McCarthy on Obama’s Afghan fraud—and Obama’s conservative enablers

If you liked Diana West’s take on our Afghanistan policy, read Andrew McCarthy’s take on the role his fellow mainstream conservatives play in it (emphasis is mine):

If you accept, as I do, the premise that President Obama is an Alinskyite, last night’s speech was totally predictable. From 2003 forward, he and his party cynically raised the Afghanistan mission into a noble calling—not because they thought it really was one, but because it made their political attack on the war in Iraq more effective. Now, Obama is cratering in the polls and his party is in even worse shape. Politically, they can’t afford to abandon the noble calling at this point: Even the legacy media couldn’t protect them from the fallout, which would intensify when the Taliban overran Karzai right as we headed into our midterm elections next year.

So we can’t leave, but we can’t wage war either. The Obama Left can tolerate, barely, the appearance of waging war if that’s what it takes to prevent rank-and-file Democrats from revolting. But they have no interest in defeating anti-American Muslims (who, after all, have a point, right?) or in pursuing American interests for their own sake.

What to do?
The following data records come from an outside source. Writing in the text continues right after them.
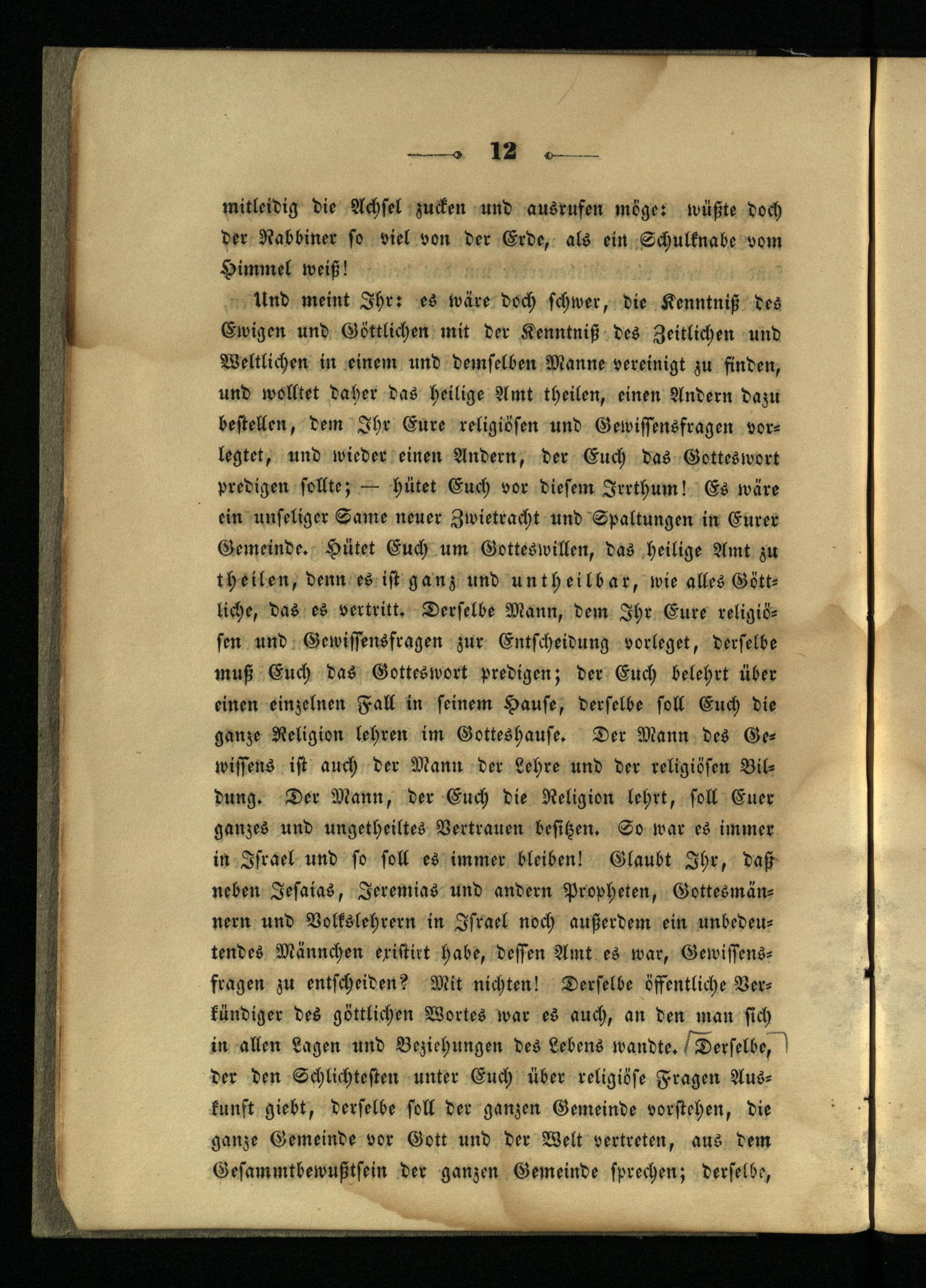 Und meint Ihr: es wäre doch schwer, die Kenntniß des Ewigen und Göttlichen mit der Kenntniß des Zeitlichen und Weltlichen in einem und demselben Manne vereinigt zu finden, und wolltet daher das heilige Amt theilen, einen Andern dazu bestellen, dem Ihr Eure religiösen und Gewissensfragen vorlegtet, und wieder einen Andern, der Euch das Gctteswort predigen sollte; — hütet Euch vor diesem Jrrthum! Es wäre ein unseliger Same neuer Zwietracht und Spaltungen in Eurer Gemeinde. Hütet Euch um Gotteswillcn, das heilige Amt zu theilen, denn es ist ganz und unth eilbar, wie alles Göttliche, das es vertritt. Derselbe Mann, dem Ihr Eure religiösen und Gcwissenssragen zur Entscheidung vorleget, derselbe muß Euch das Gotteswort predigen; der Euch belehrt über einen einzelnen Fall in seinem Hause, derselbe soll Euch die ganze Religion lehren im Gotteshause. Der Mann des Gewissens ist auch der Mann der Lehre und der religiösen Bildung. Der Mann, der Euch die Religion lehrt, soll Euer ganzes und ungetheiltes Vertrauen besitzen. So war es immer in Israel und so soll es immer bleiben! Glaubt Ihr, daß neben Jesaias, Jeremias und andern Propheten, Gottesmännern und Volkslehrern in Israel noch außerdem ein unbedeutendes Männchen existirt habe, dessen Amt es war, Gewissensfragen zu entscheiden? Mit Nichten! Derselbe öffentliche Verkündiger des göttlichen Wortes war es auch, an den man sich in allen Lagen und Beziehungen des Lebens wandte. /Derselbe^ der den Schlichtesten unter Euch über religiöse Fragen Auskunft giebt, derselbe soll der ganzen Gemeinde vorstehen, die ganze Gemeinde vor Gott und der Welt vertreten, aus dem Gesammtbewußtsein der ganzen Gemeinde sprechen; derselbe,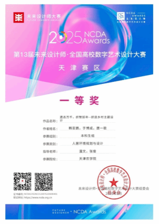 近日,第13届未来设计师·全国高校数字艺术设计大赛(NCDA)天津赛区评选结果揭晓。beat365园艺园林学院再传捷报,环境设计专业2023级学生韩亚鹏、于博成、唐一歌,在温文、张俊老师的悉心指导下凭借作品《遗态万千,织智延年——织造乡村主题设计》,斩获天津赛区一等奖。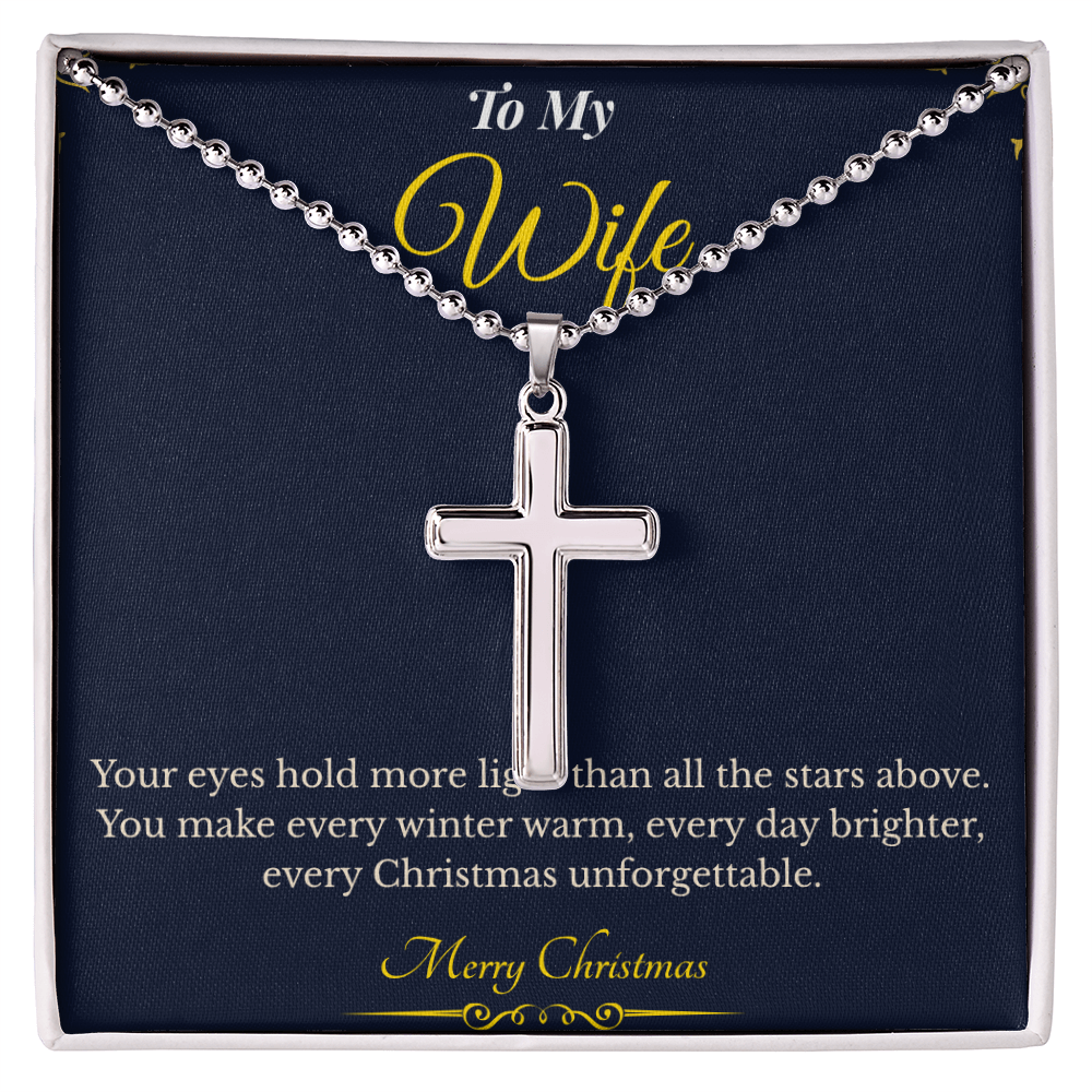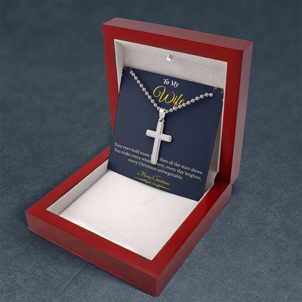 Honor the beauty of her faith and the strength of her spirit with the Artisan Cross Necklace with Ball Chain — a heartfelt and elegant Christmas gift for your wife.

Well, the Right has given Obama his escape hatch. Conservatives keep talking about “victory” but they never define it. We keep saying, “Give General McChrystal the troops he needs to win,” but because we’re as vague as Obama when it comes to what “winning” means, no one will really care what the additional troops actually do in Afghanistan. Thus, as long as Obama agreed to send a contingent—low-balled, but reasonably close to the 40,000 in McChrystal’s last request—he knew he’d be fine. Now, Obama can continue purporting to define the mission “narrowly … as disrupting, dismantling, and defeating al-Qaeda and its extremist allies,” and conservatives will dutifully tell themselves that we are over there to demolish bin Laden’s network and the Taliban—so let’s rally behind our president! In reality, however, we’ll be nation-building: the thankless, impossible dream of turning Kabul into Kansas. Our unwavering resolve for this task will last 18 months—during which we will continue solidifying the new narrative that the war is not ours but Afghanistan’s, and that the hapless Karzai isn’t producing results fast enough. That will get Democrats through the midterms.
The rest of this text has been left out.